Самыми многочисленными сиквенс-типами стали: ST372 (всего 7 изолятов, 6 из них были выделены нами на территории Свердловской области, 1 – из Японии), ST431 (7 изолятов, 6 были выделены на территории Свердловской области, один – Томской области), ST364 (6 изолятов, 5 были выделены на территории Свердловской области, один – из Японии). Интересно то, что большинство уральских изолятов филогенетически оказалось ближе азиатским группам, тогда как изоляты из Западной Сибири входили в одну группу с европейскими (Рисунок 16). При этом последовательность одного изолята из Екатеринбурга (Ekb950-2014) принадлежала сиквенс-типу ST244, выявленному на территории Англии. В некоторых группах IV линии сиквенс-типы из России не встречались (Рисунок 16). Рисунок 16 – Филогенетическое древо, построенное на основе конкатенированных последовательностей фрагментов генов домашнего хозяйства B. garinii. Для построения использованы сиквенс-типы из международной базы данных и полученные в настоящем исследовании. Деревья построены методом Neighbor-joining. Цветом и значками обозначены сиквенс-типы, выделенные на территории разных регионов России, а также азиатские и европейские сиквенс-типы. Сиквенс-типы, обсуждаемые в тексте, выделены
жирным шрифтом. Овалами выделены филогенетические линии (обсуждение в тексте). К сожалению, в рамках данной работы не удалось провести исследование МЛСТ изолятов B. garinii, выделенных на территории европейской части России и Дальнего Востока. В настоящем исследовании на данной территории были обнаружены преимущественно B. bavariensis, а немногие штаммы B. garinii обладали недостаточной для типирования концентрацией ДНК. Крайне интересным представляется исследование группы ChY13p, первоначально выделенной в Китае, а затем обнаруженной на территории России с низкой частотой встречаемости [127]. Нуклеотидные последовательности двух выявленных в настоящей работе изолятов этой группы (из Екатеринбурга) были полностью идентичны последовательнсоти изолята из Китая (ST154). Изучение группы ChY13p представляет большой интерес, поскольку ранее она рассматривалась в качестве переходного звена между B. garinii и B. afzelii [106].

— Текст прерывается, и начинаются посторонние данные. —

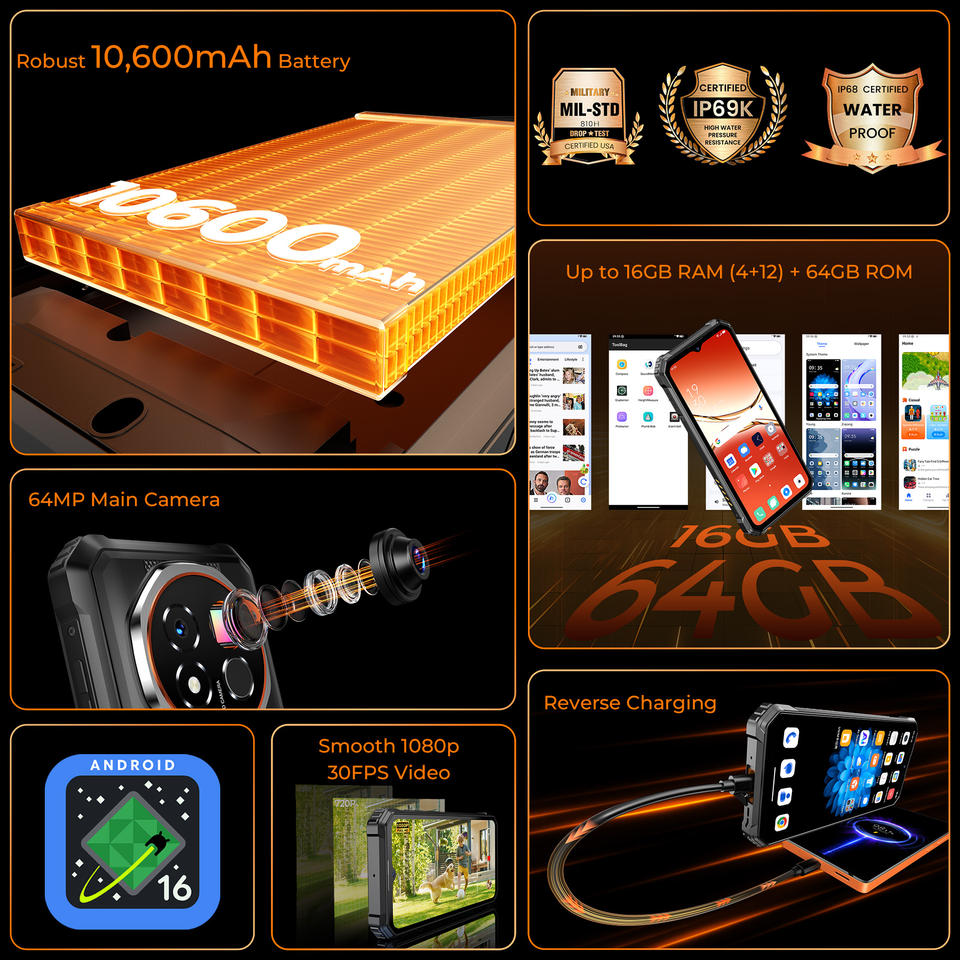 Teléfono Resistente Oukitel G6, Económico, Batería de Gran Capacidad de 10600 mAh, 90 Hz, 4+64 GB, Android 16, 4G, Smartphone de 6.52 Pulgadas

. Особенности и ограничения метода МЛСТ Несмотря на высокую информативность метода МЛСТ, необходимо обратить внимание на некоторые ограничения в его использовании. Во-первых, для типирования образцов ДНК боррелий из клещей необходимо отбирать образцы с максимально возможной концентрацией ДНК (раздел 2.2.5) и проводить гнездную ПЦР вместо однораундовой (что необязательно при типировании изолятов боррелий). Во-вторых, данная методика неприменима для исследования смесей изолятов – как меж-, так и внутривидовых. Если выявление смесей нескольких видов возможно при предварительной видовой дифференцировке и исключении смешанных образцов, то смеси двух генетических вариантов одного вида можно выявить только при секвенировании. За время проведения настоящего исследования, даже при условии предварительной дифференцировки видов, было исключено из анализа 24 микст-изолята (20,3% от числа генотипированных изолятов), в том числе 2 (1,7%) – межвидовых и 22 (18,6%) – внутривидовых смесей. Проблемы зараженности одного клеща разными видами и внутривидовыми генетическими вариантами и возможности амплификации полного набора мишеней для проведения МЛСТ была отмечена и другими исследователями [158, 189]. В связи с этим в настоящей работе предлагается следующая схема амплификации фрагментов генома образцов ДНК боррелий, выделенных из клещей. На первом этапе проводится амплификация фрагментов двух генов nifS и clpA как наиболее вариабельных (Таблица 3) для проверки концентрации ДНК и возможности получения продуктов ПЦР для конкретного образца. Для выявления микст-инфекций на этом этапе, а соответственно, наименьшего расхода реактивов и времени, рекомендуется провести секвенирование данных двух генов. На втором этапе, при условии получения ПЦР-продукта и «чистых» последовательностей nifS и clpA, проводится амплификация и секвенирование генов clpX, pepX, pyrG, recG, rplB, uvrA. При этом для исследования изолятов можно использовать однораундовую ПЦР с внутренними праймерами, а для образцов ДНК боррелий из клещей – гнездную или полугнездную ПЦР согласно стандартной методике.